**Information shown:**
Content starts
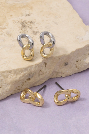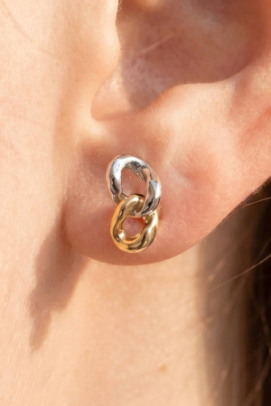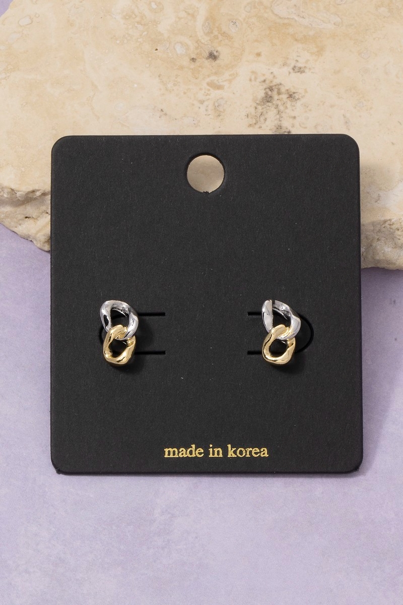 - This pair of stud earrings brings a stunning two-tone interlocked oval link style. Explore a refined sense of style with this pair of stud earrings, seamlessly elevating the chic factor of your look.
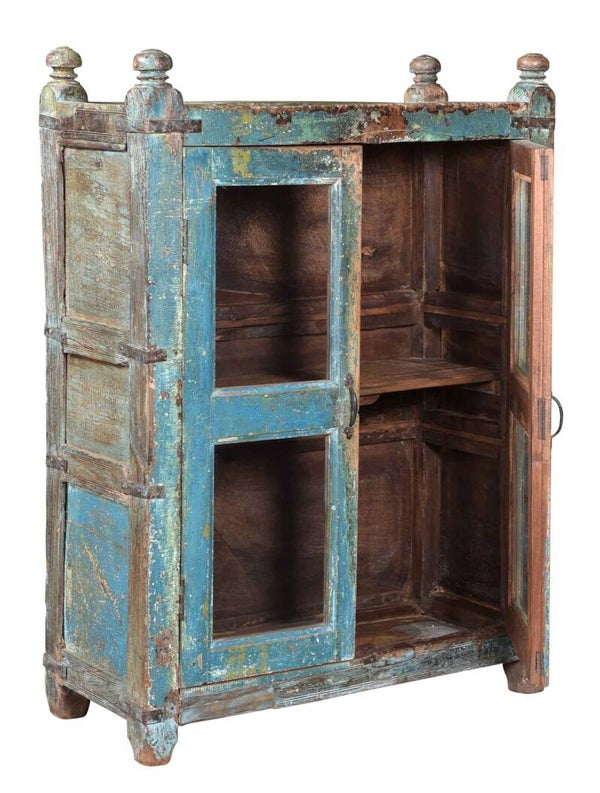 Indische vitrinekast met 2 schappen en 2 deuren.
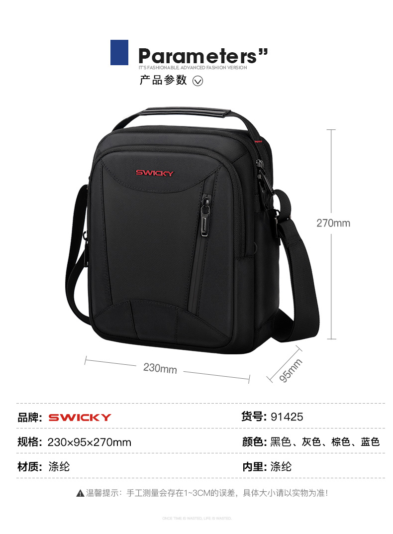 SWICKY 商务休闲 单肩斜挎包91425 单位:个 黑色
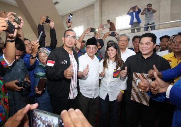 MEDAN, iNews.id – Ketua Tim Kampanye Nasional (TKN) Jokowi-KH Ma’ruf Amin, Erick Thohir menghadiri ulang tahun Konfenderasi Serikat Pekerja Seluruh Indonesia (KSPSI) di Medan, Kamis (28/1/2019). Dalam acara itu, KSPSI Sumatera Utara (Sumut) mendeklarasikan dukungan mereka kepada pasangan capres dan cawapres nomor urut 01.
Content ends
**Your assignment:**
Leaving pictures out, output the lines of the data above from the one with "Indische vitrinekast met" through the one with "SWICKY 商务休闲 单肩斜挎包91425 单位:个 黑色", word for word.

**Solution to the problem:**
 Indische vitrinekast met 2 schappen en 2 deuren.
 SWICKY 商务休闲 单肩斜挎包91425 单位:个 黑色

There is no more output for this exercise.